Merges multiple Bags together into one bag. Note: merge does not check if DataBags with the same reports are merged together.

Args

bags: List of bags to be merged
drop_duplicates_sub_df: set to True, if you want to remove duplicates in the sub_df

Returns

RawDataBag: a Bag with the merged content

Expand source code

@staticmethod
def concat(bags: List[RAW], drop_duplicates_sub_df: bool = False) -> RAW:
    """
    Merges multiple Bags together into one bag.
    Note: merge does not check if DataBags with the same reports are merged together.

    Args:
        bags: List of bags to be merged
        drop_duplicates_sub_df: set to True, if you want to remove duplicates in the sub_df

    Returns:
        RawDataBag: a Bag with the merged content

    """
    sub_dfs = [db.sub_df for db in bags]
    pre_dfs = [db.pre_df for db in bags]
    num_dfs = [db.num_df for db in bags]

    sub_df = pd.concat(sub_dfs, ignore_index=True)
    pre_df = pd.concat(pre_dfs, ignore_index=True)
    num_df = pd.concat(num_dfs, ignore_index=True)

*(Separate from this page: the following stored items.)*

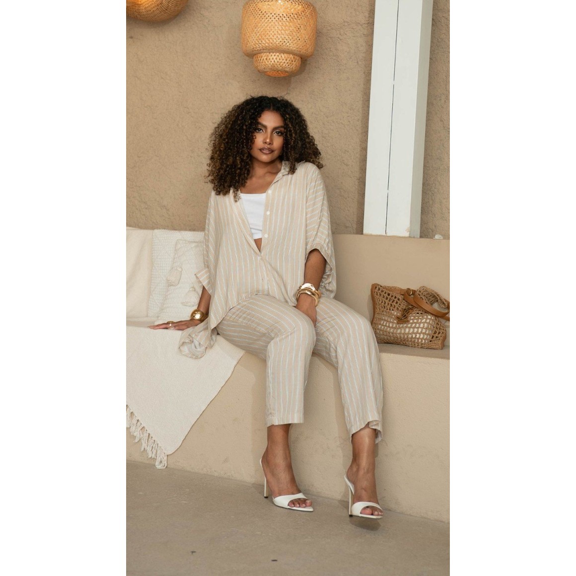Conjunto Listrado em Viscose com Camisa Oversized e Calça Reta
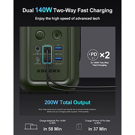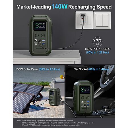 192Wh AsperX Portable 4-Port USB Power Station, up to 200W Total, 140W USB-C (AXP200, Green) on sale for $139.99 - 50% with promo code
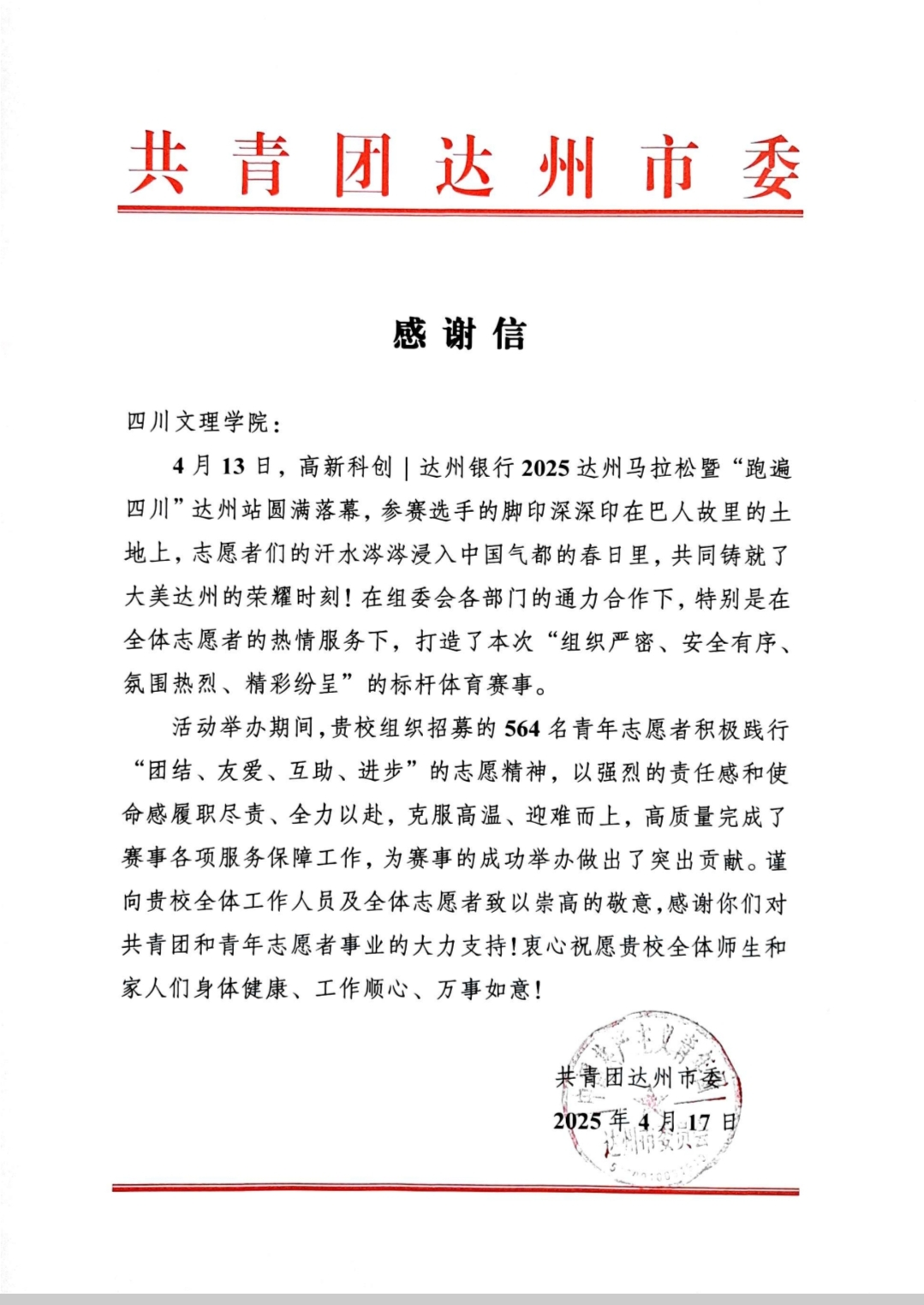 活动结束后,学校收到了共青团达州市委的感谢信。信中,团市委对志愿者们在2025年达州马拉松季活动中的出色表现给予了高度肯定和诚挚感谢。信中表示,志愿者们以高度的社会责任感、严谨的工作态度和热情周到的服务,为赛事的顺利举办提供了有力保障,充分展现了新时代青年的良好精神风貌,为达州市的城市形象增添了光彩。
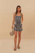 Embrace effortless style with the Off-White Monochrome Elegance Scarf Romper from FARM Rio. The Romper features a square neckline, button detailing, and a waist belt, and an intricate black and white botanical print that dances across the fabric. Each detail is crafted to evoke an artistic flair, creating a unique silhouette that feels both sophisticated and playful. Perfect for those who appreciate the subtle charm of monochrome designs
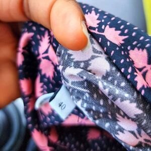 Stylish fabric with a pink and black floral pattern. Perfect for crafting or fashion projects.
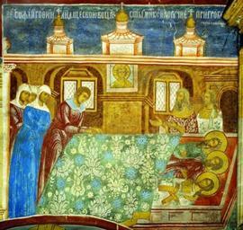 | Keywords: Gury, Samon and Aviv 01.jpg ru Готский воин п иносит клятву пе ед мощами святых Гу ия Самона и Авива Ф агмент осписи п идела святых Гу ия Самона и авива ц п о Илии в Я ославле Посл четв XVII в XVIII c http //www pravenc ru/text/168390 html anonimus PD-Art Gurias Samonas and Abibus |

    if drop_duplicates_sub_df:
        sub_df.drop_duplicates(inplace=True)

    return RawDataBag.create(sub_df=sub_df,
                             pre_df=pre_df,
                             num_df=num_df)

def concat_filebased(paths_to_concat: List[pathlib.Path], target_path: pathlib.Path, drop_duplicates_sub_df: bool = False)

Concatenates all the Bags in paths_to_concatenate into the target_dir directory.

It is directly working on the files and does not load the data into the memory.

Args

paths_to_concat (List[Path]) : List with paths to read the datafrome
target_path (Path) : path to write the concatenated data to
drop_duplicates_sub_df : bool, False: indicates whether drop duplicates has to be applied on the sub_df. if true, the data for the sub.txt files must be read into memory. This has to be true, for instance if you have separate bags for BS, IS, and CF and want to concat them. In this case, they all have the same data in sub.txt.

Returns:

Expand source code

@staticmethod
def concat_filebased(paths_to_concat: List[Path],
                     target_path: Path,
                     drop_duplicates_sub_df: bool = False):
    """
    Concatenates all the Bags in paths_to_concatenate into the target_dir directory.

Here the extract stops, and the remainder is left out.